- [Available data]:
---

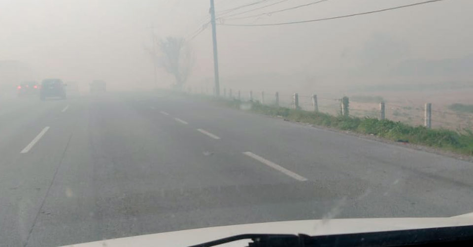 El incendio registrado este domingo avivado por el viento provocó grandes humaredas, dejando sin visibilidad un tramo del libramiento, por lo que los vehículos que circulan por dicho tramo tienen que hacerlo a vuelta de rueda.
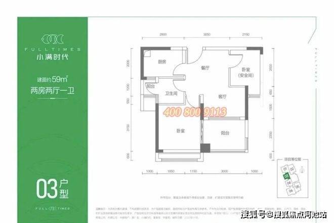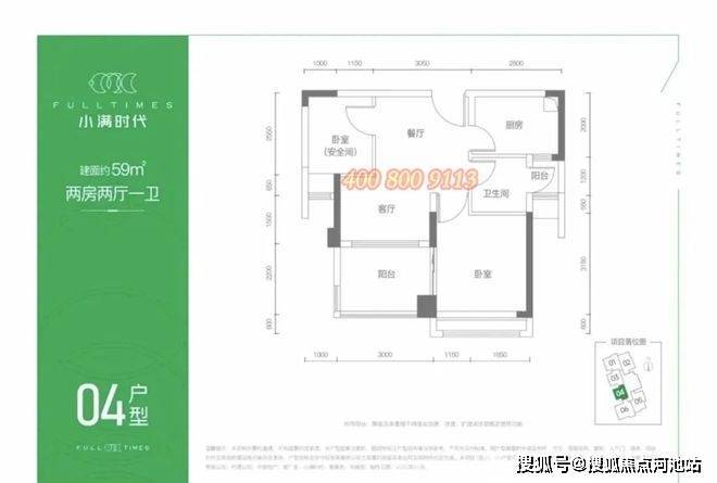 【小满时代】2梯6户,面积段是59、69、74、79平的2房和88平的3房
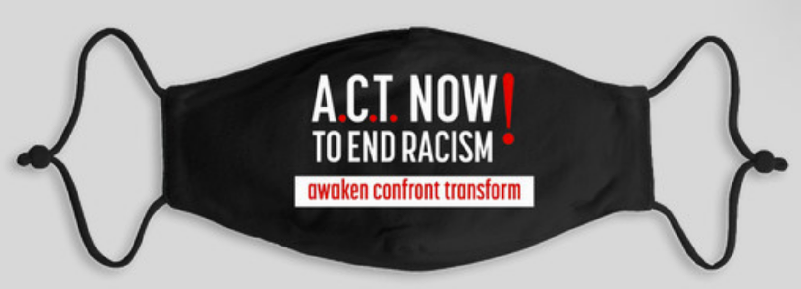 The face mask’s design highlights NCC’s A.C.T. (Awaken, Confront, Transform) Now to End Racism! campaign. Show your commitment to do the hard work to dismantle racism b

---

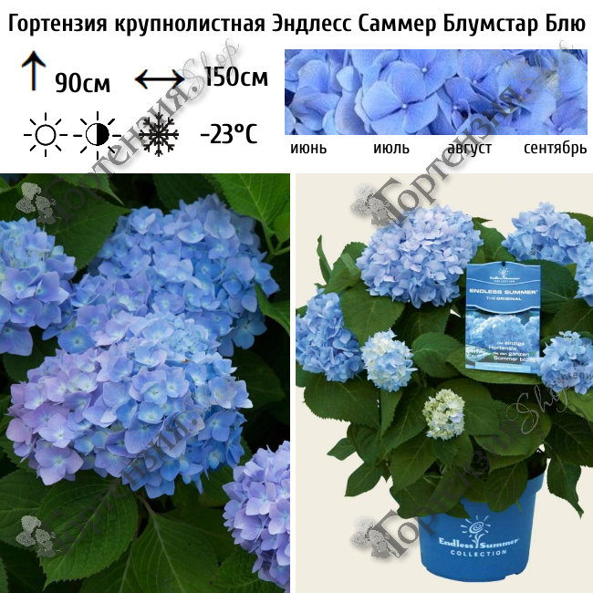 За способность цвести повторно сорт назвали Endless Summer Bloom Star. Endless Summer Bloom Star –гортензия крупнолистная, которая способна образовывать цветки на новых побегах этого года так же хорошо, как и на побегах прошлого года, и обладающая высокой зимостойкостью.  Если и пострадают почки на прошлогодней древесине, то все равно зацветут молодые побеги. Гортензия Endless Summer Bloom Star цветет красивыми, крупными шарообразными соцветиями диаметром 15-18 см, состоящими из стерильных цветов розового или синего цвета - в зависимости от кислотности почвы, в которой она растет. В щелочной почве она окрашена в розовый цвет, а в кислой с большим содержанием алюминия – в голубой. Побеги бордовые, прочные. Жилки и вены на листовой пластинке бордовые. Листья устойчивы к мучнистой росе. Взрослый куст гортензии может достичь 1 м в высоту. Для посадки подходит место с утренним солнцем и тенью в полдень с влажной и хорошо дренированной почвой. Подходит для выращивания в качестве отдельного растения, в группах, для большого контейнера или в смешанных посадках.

---

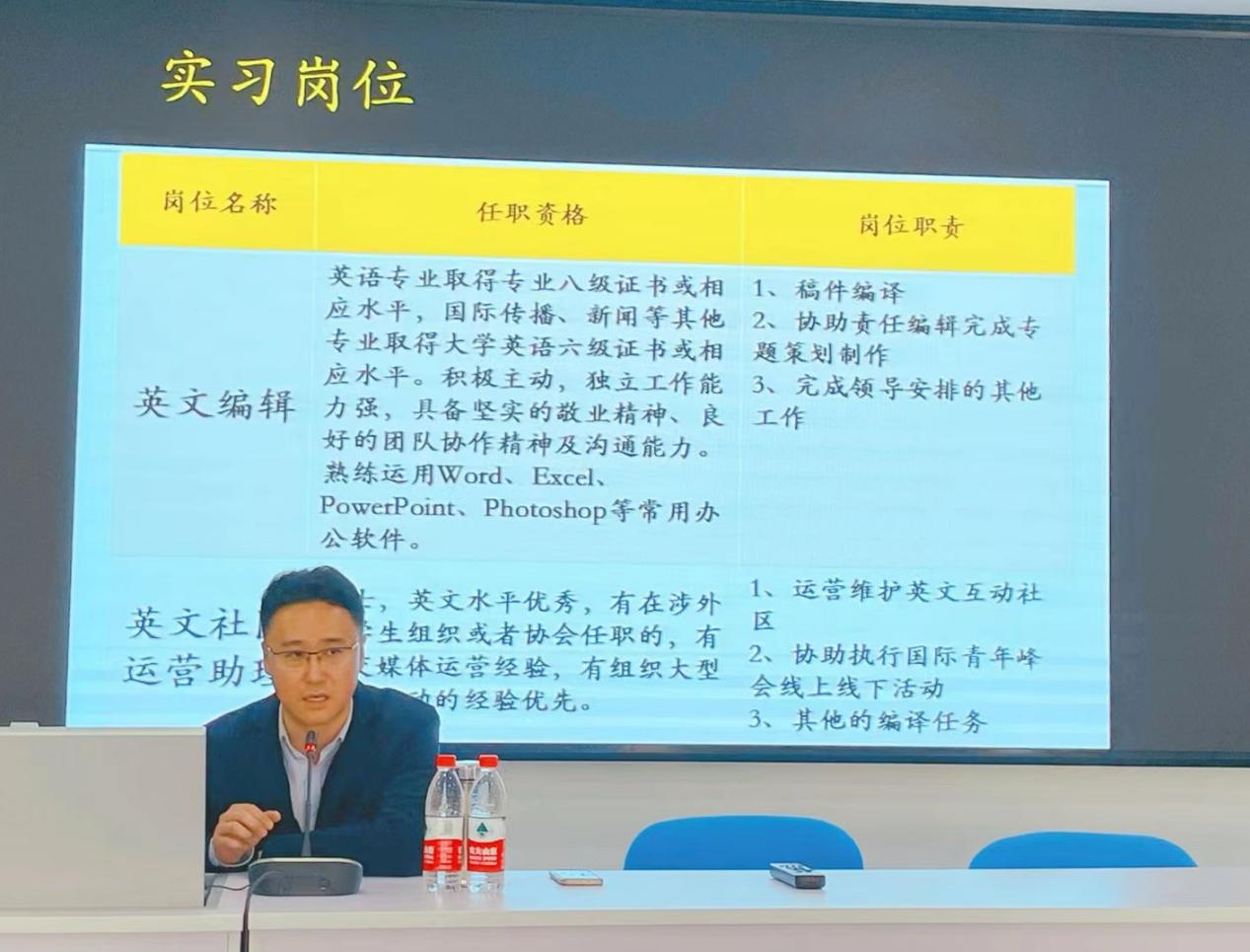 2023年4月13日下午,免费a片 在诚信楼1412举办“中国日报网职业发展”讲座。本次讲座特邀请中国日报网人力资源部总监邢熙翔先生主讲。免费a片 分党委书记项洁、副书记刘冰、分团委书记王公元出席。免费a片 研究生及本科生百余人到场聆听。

---

- [Assignment]:
Given the entries above, transcribe exactly the lines from the one holding "El incendio registrado" through the one holding "The face mask’s"; pictures do not belong in the transcription.

- [Response]:
 El incendio registrado este domingo avivado por el viento provocó grandes humaredas, dejando sin visibilidad un tramo del libramiento, por lo que los vehículos que circulan por dicho tramo tienen que hacerlo a vuelta de rueda.
 【小满时代】2梯6户,面积段是59、69、74、79平的2房和88平的3房
 The face mask’s design highlights NCC’s A.C.T. (Awaken, Confront, Transform) Now to End Racism! campaign. Show your commitment to do the hard work to dismantle racism b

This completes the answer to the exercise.